What the exercise asks » Print all entries below exactly, without images.

Material for this exercise »
▬▬▬

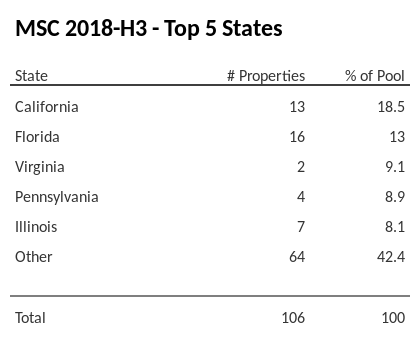 The top 5 states where collateral for MSC 2018-H3 reside. MSC 2018-H3 has 18.5% of its pool located in the state of California.
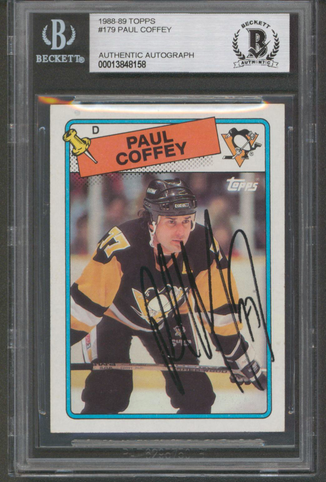 Penguins Paul Coffey Authentic Signed 1988 Topps #179 Card BAS Slabbed
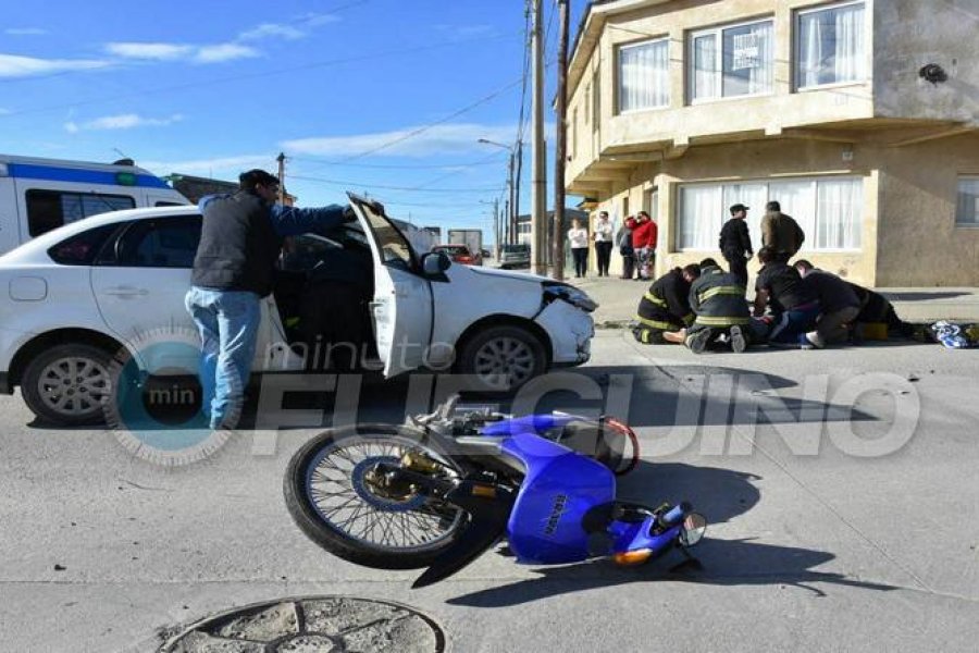 Personal de Bomberos Voluntarios asistió a la motociclista y fue trasladada al Hospital Regional Río Grande, de manera preventiva.
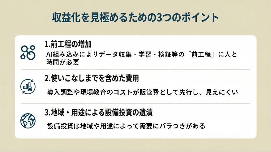 運用支援やソフトウェアの継続課金モデルへ転換できなければ、AI投資の成果が損益に表れるまでに時間がかかってしまう。さらに、導入時の調整や現場教育にかかるコストは販管費として先行し、外部からは収益化の進ちょくが見えにくい点も留意が必要である。
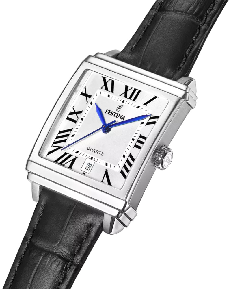 Предлагаем купить наручные часы Festina F20682/3 в г. Москва. Это классические мужские часы из коллекции On the Square. Водозащита до 50 метров позволит принимать душ или умываться, не снимая часов. Надежное минеральное стекло защищает часы от царапин и долго сохраняет первоначальный внешний вид. Минеральное стекло более устойчиво к появлению небольших царапин и потертостей, хорошо может выдержать небольшие удары и падения. Даже если поцарапаете стекло, его легко можно отполировать в часовой мастерской и вернуть им прежний вид. Корпус часов изготовлен из стали, механизм — кварц. Кварцевые часы всегда точнее механических. В среднем, погрешность хода составляет 20 секунд в месяц. Кварцевые часы не нужно заводить, только менять батарейку раз в несколько лет.
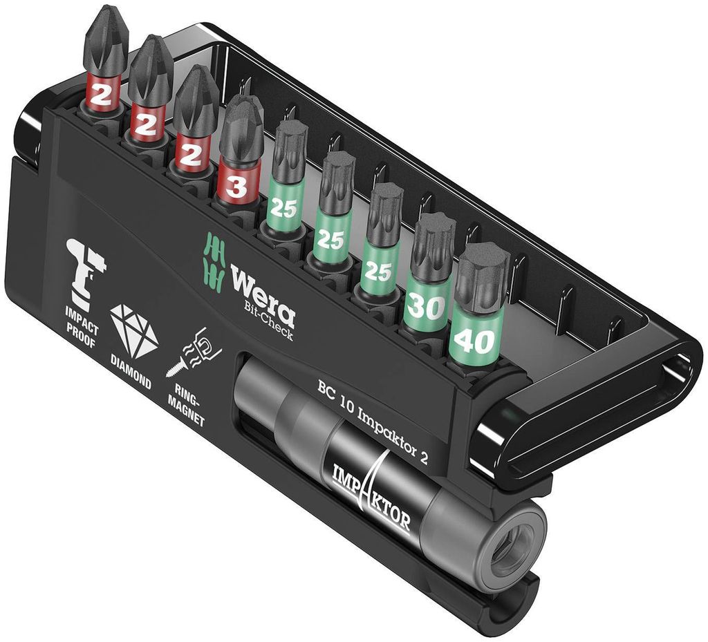 Wera Bit-Checks Impaktor. Bitssats innehållande bitshållare 897/4 IMP R samt 9 olika Impaktor-bits för Phillip och Pozidriv kryss-spår samt Torx-spår.
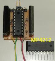 最初に、モーターをコントロールするのに、東芝のTA7291Pと言うIC(いろんな作例で使われている)を使ってみました。 PICと直結で2本制御ピンでコントロール出来るのは便利ですが、130モータークラスでも触れないくらいの発熱で、しかもモーターに供給される電圧が落ちるようで、スピード・トルクとも満足いきませんでした。 あと、TA7289Pや似たようなICも使ってみましたが同じでした。 で、何とか使えそうなのが、東芝のMP4212と言うFETモジュールでした。 当初なかなか手に入りませんでしたが、最近のロボット工作ブームのせいか(間違っても可動戦車ブームでは無いぞ)、通常在庫として取り扱っているショップが出てきました。 ただ、このFETは、PICと直結出来なかったり、制御に4ピン必要だったり(デジタルICを追加すれば2ピンで制御も可能みたいだけど、基板のサイズが大きくなるし...) さらには、PICと同じ電源でモーターをまわそうとすると、PIC側の電圧が下がってしまう為かPICは暴走するし....と、結構厄介なドライバーです....って、FET使えば当たり前のことかも..(^^;; | ![]() |

▬▬▬

Written response »
 The top 5 states where collateral for MSC 2018-H3 reside. MSC 2018-H3 has 18.5% of its pool located in the state of California.
 Penguins Paul Coffey Authentic Signed 1988 Topps #179 Card BAS Slabbed
 Personal de Bomberos Voluntarios asistió a la motociclista y fue trasladada al Hospital Regional Río Grande, de manera preventiva.
 運用支援やソフトウェアの継続課金モデルへ転換できなければ、AI投資の成果が損益に表れるまでに時間がかかってしまう。さらに、導入時の調整や現場教育にかかるコストは販管費として先行し、外部からは収益化の進ちょくが見えにくい点も留意が必要である。
 Предлагаем купить наручные часы Festina F20682/3 в г. Москва. Это классические мужские часы из коллекции On the Square. Водозащита до 50 метров позволит принимать душ или умываться, не снимая часов. Надежное минеральное стекло защищает часы от царапин и долго сохраняет первоначальный внешний вид. Минеральное стекло более устойчиво к появлению небольших царапин и потертостей, хорошо может выдержать небольшие удары и падения. Даже если поцарапаете стекло, его легко можно отполировать в часовой мастерской и вернуть им прежний вид. Корпус часов изготовлен из стали, механизм — кварц. Кварцевые часы всегда точнее механических. В среднем, погрешность хода составляет 20 секунд в месяц. Кварцевые часы не нужно заводить, только менять батарейку раз в несколько лет.
 Wera Bit-Checks Impaktor. Bitssats innehållande bitshållare 897/4 IMP R samt 9 olika Impaktor-bits för Phillip och Pozidriv kryss-spår samt Torx-spår.
 最初に、モーターをコントロールするのに、東芝のTA7291Pと言うIC(いろんな作例で使われている)を使ってみました。 PICと直結で2本制御ピンでコントロール出来るのは便利ですが、130モータークラスでも触れないくらいの発熱で、しかもモーターに供給される電圧が落ちるようで、スピード・トルクとも満足いきませんでした。 あと、TA7289Pや似たようなICも使ってみましたが同じでした。 で、何とか使えそうなのが、東芝のMP4212と言うFETモジュールでした。 当初なかなか手に入りませんでしたが、最近のロボット工作ブームのせいか(間違っても可動戦車ブームでは無いぞ)、通常在庫として取り扱っているショップが出てきました。 ただ、このFETは、PICと直結出来なかったり、制御に4ピン必要だったり(デジタルICを追加すれば2ピンで制御も可能みたいだけど、基板のサイズが大きくなるし...) さらには、PICと同じ電源でモーターをまわそうとすると、PIC側の電圧が下がってしまう為かPICは暴走するし....と、結構厄介なドライバーです....って、FET使えば当たり前のことかも..(^^;; | ![]() |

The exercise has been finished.